BEGIN EXTRACTED MATERIAL
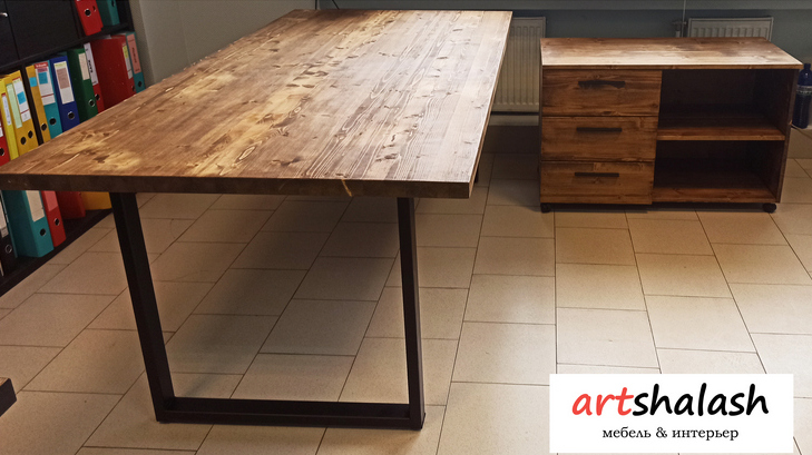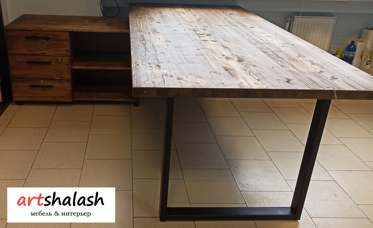 Стол из МАССИВА ЯБЛОНИ на цельносварной раме
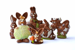 Verschenken auch Sie zu Ostern liebevoll handgemachte Schokofiguren aus Schweizer Premium Kuvertüre oder unsere feinen Pralinen mit erfrischenden Frühjahrsfüllungen (zum Beispiel Erdbeer, Limette, Hugo, Sekt Aperol, ...)
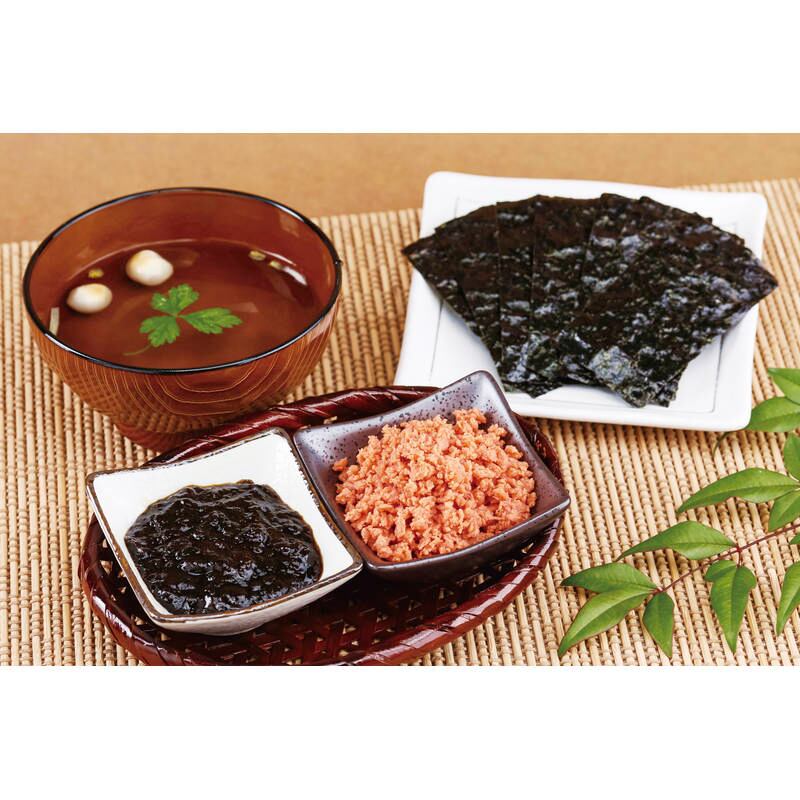 かつおだし:4g×8P×2、伊賀越 天然醸造醤油:450ml×1、白子だし塩のり:8切5枚×3、のり佃煮:80g・鮭ほぐし:50g×各2、昭和 キャノーラ油:300g・日の出 割烹みりんタイプ:400ml×各1
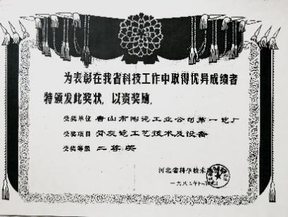 1982年9月,由一瓷廠和唐山陶研所組成的骨質瓷中試小組榮獲輕工部科技成果(集體)三等獎。
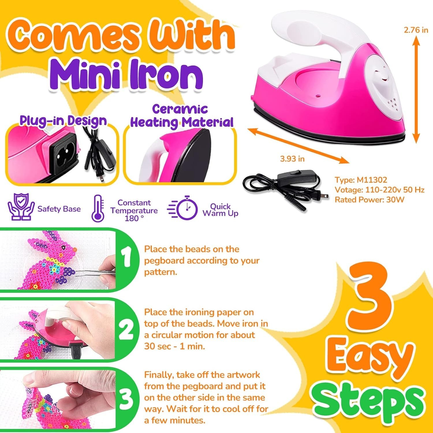 Board Fuse Beads Iron Set - Fuse Bead Kit for Kids Crafts with Bead Pegboard ...
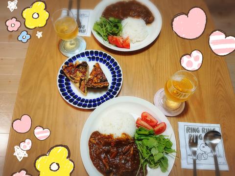 夕飯はお土産のキッシュと昨日から仕込んでた牛すじカレー🍛
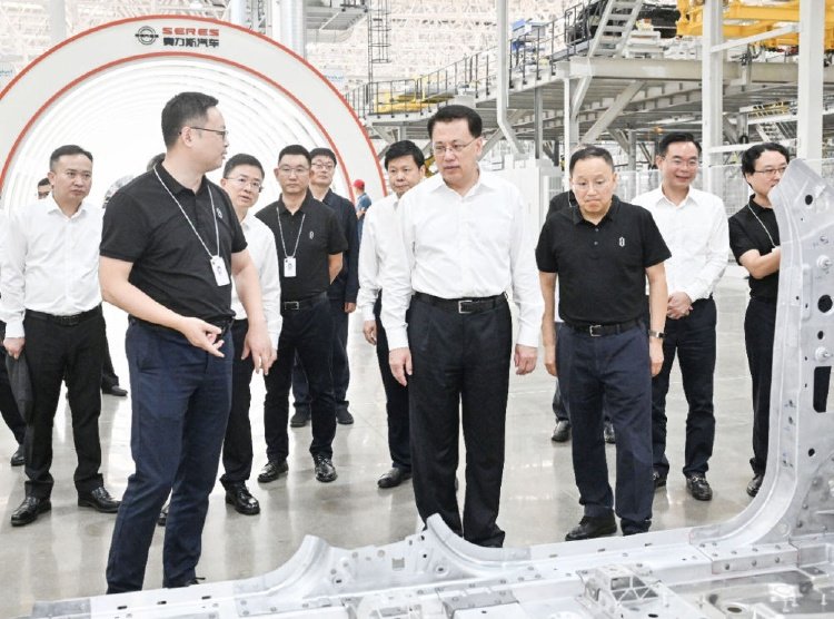 智能网联新能源汽车是我市重点打造的万亿级主导产业集群。赛力斯集团聚焦新能源汽车研发制造,行业引领带动力日益显现,目前正在加快推进位于两江协同创新区的三工厂建设,投产后将成为技术领先的智能网联新能源汽车生产基地。袁家军走进智能化生产厂房,听取项目规划建设情况介绍,询问投资量、工程进度和技术水平。在全新的汽车生产线,袁家军同技术人员交谈,了解即将下线的新车设计理念、性能和销售价格,察看产品展示。得知赛力斯多款车型受到市场热捧,企业发展蒸蒸日上、势头强劲,袁家军十分高兴,给予充分肯定。他说,重庆民营企业发展前景广阔、大有可为,希望企业抢抓机遇、再接再厉,推动技术创新,加快探索“产业大脑+智能工厂”发展路径,不断提升核心竞争力,打造行业标杆。袁家军指出,要发挥好行业龙头企业“头雁作用”,促进产业链上下游协同发展,有力带动产业集群发展。要营造良好产业生态,一体打造科创平台、产业平台和人才平台,不断激发产业发展动力活力。
END EXTRACTED MATERIAL
WHAT YOU HAVE TO DO:
Give back the full listing exactly as written, only without its pictures.

SOLUTION:
 Стол из МАССИВА ЯБЛОНИ на цельносварной раме
 Verschenken auch Sie zu Ostern liebevoll handgemachte Schokofiguren aus Schweizer Premium Kuvertüre oder unsere feinen Pralinen mit erfrischenden Frühjahrsfüllungen (zum Beispiel Erdbeer, Limette, Hugo, Sekt Aperol, ...)
 かつおだし:4g×8P×2、伊賀越 天然醸造醤油:450ml×1、白子だし塩のり:8切5枚×3、のり佃煮:80g・鮭ほぐし:50g×各2、昭和 キャノーラ油:300g・日の出 割烹みりんタイプ:400ml×各1
 1982年9月,由一瓷廠和唐山陶研所組成的骨質瓷中試小組榮獲輕工部科技成果(集體)三等獎。
 Board Fuse Beads Iron Set - Fuse Bead Kit for Kids Crafts with Bead Pegboard ...
 夕飯はお土産のキッシュと昨日から仕込んでた牛すじカレー🍛
 智能网联新能源汽车是我市重点打造的万亿级主导产业集群。赛力斯集团聚焦新能源汽车研发制造,行业引领带动力日益显现,目前正在加快推进位于两江协同创新区的三工厂建设,投产后将成为技术领先的智能网联新能源汽车生产基地。袁家军走进智能化生产厂房,听取项目规划建设情况介绍,询问投资量、工程进度和技术水平。在全新的汽车生产线,袁家军同技术人员交谈,了解即将下线的新车设计理念、性能和销售价格,察看产品展示。得知赛力斯多款车型受到市场热捧,企业发展蒸蒸日上、势头强劲,袁家军十分高兴,给予充分肯定。他说,重庆民营企业发展前景广阔、大有可为,希望企业抢抓机遇、再接再厉,推动技术创新,加快探索“产业大脑+智能工厂”发展路径,不断提升核心竞争力,打造行业标杆。袁家军指出,要发挥好行业龙头企业“头雁作用”,促进产业链上下游协同发展,有力带动产业集群发展。要营造良好产业生态,一体打造科创平台、产业平台和人才平台,不断激发产业发展动力活力。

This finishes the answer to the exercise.